Learning-Based Cooperative False Data Injection Attack and Its Mitigation Techniques in Consensus-Based Distributed Estimation

For the false data injection attack (FDIA) in the consensus-based distributed estimation, the information of weight matrix is critical for both attackers and defenders. In this paper, we study the impact of the weight matrix on the FDIA and the attack mitigation techniques. We first propose a learning-based cooperative FDIA strategy, where malicious nodes acquire the information of weight matrix cooperatively and launch the attack covertly. Two types of FDIA, the sudden FDIA and the dynamic FDIA, are considered to tamper the consensus result of the network to a pre-designed false value. Moreover, using the obtained information of weight matrix, a real-time surveillance and response mechanism is constructed to enhance the covertness of FDIA strategy.

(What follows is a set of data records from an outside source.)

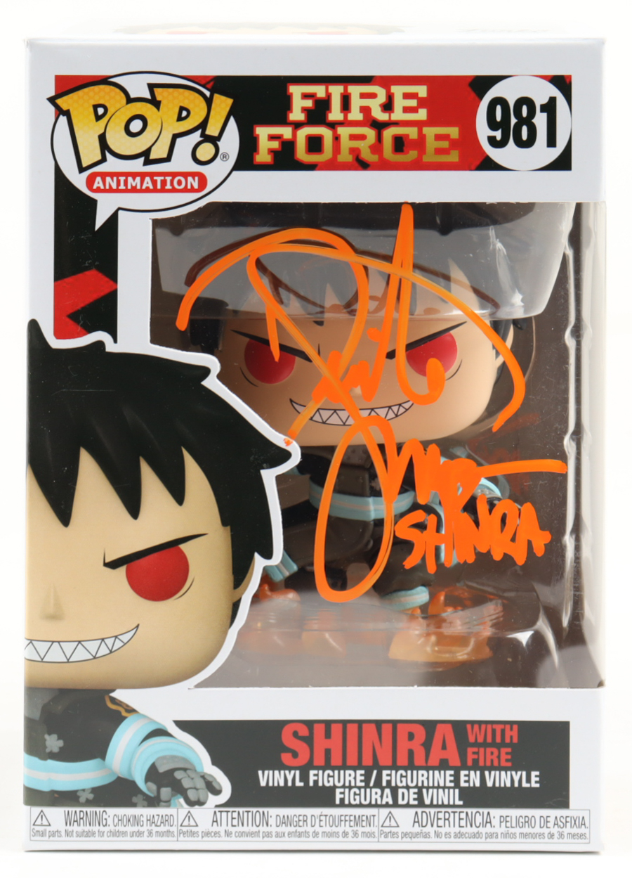 Derick Snow Signed "Fire Force" #981 Shinra with Fire Funko Pop! Vinyl Figure Inscribed "Shinra" (JSA)
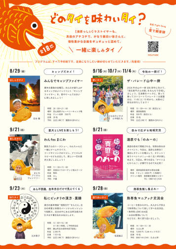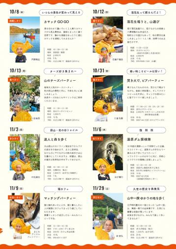●湯原っしいとは自分の好きを活かしたイベントを企画して実行しタイ人、みんなとわちゃわちゃ交流して楽しみタイ人、そんな、人、人をつなぐプログラムが「湯原っしい」!●実施期間
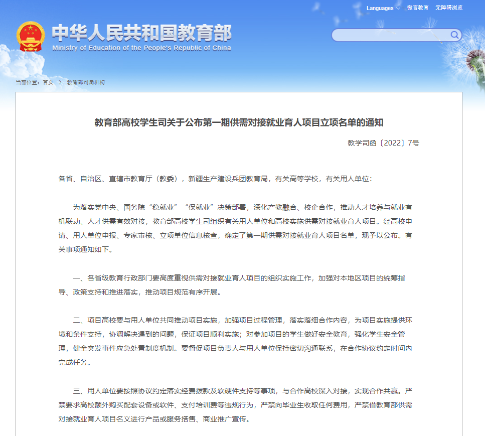 近日,在《教育部高校学生司关于公布第一期供需对接就业育人项目立项名单的通知》(教学司函〔2022〕7号)公布名单里,Beat365申报的车辆工程、电子商务、财务管理、计算机科学与技术四个专业、六个“就业实习基地项目”被选中。
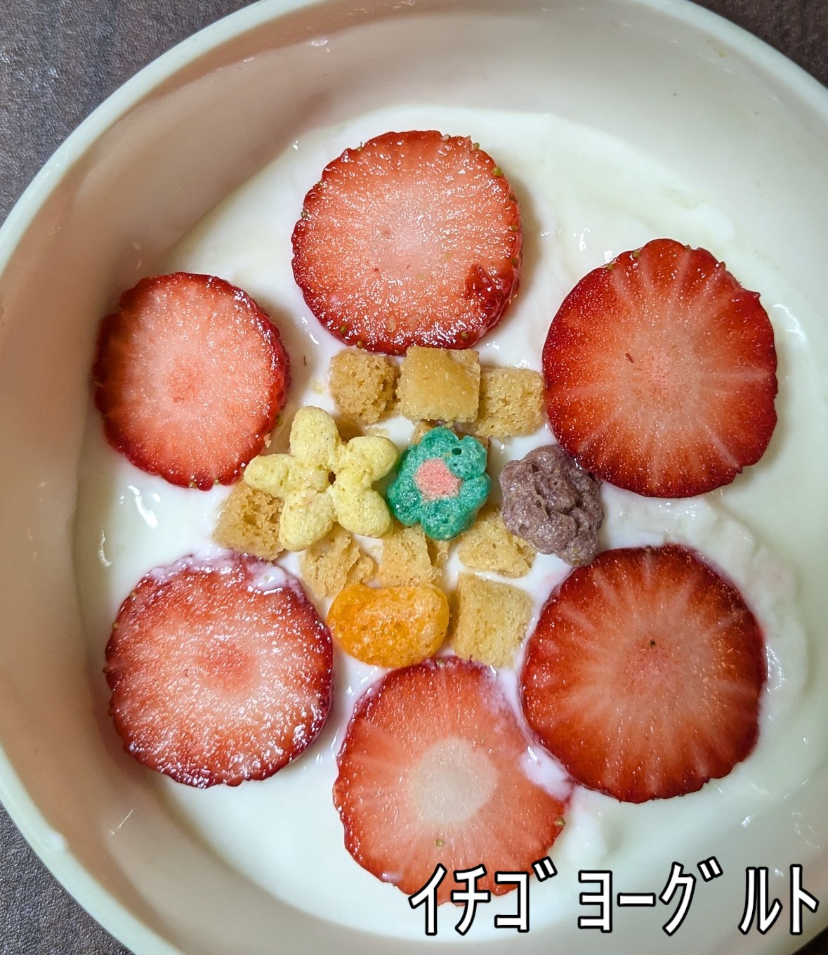 帰宅してから イチゴヨーグルトをコーンフレークでトッピング

Since the surveillance and response mechanism can bypass existing FDIA detection methods, we further investigate the attack mitigation techniques against the learning-based cooperative FDIA. A real-time FDIA detection method and a reassessment mechanism with a punishment scheme are presented to resist the surveillance and response mechanism in the learning-based cooperative FDIA. Comprehensive simulation results verify that the attacker can obtain the information of weight matrix, and tamper the consensus result to a false value by launching the learning-based cooperative FDIA. And the real-time FDIA detection method can detect the malicious nodes efficiently and promptly.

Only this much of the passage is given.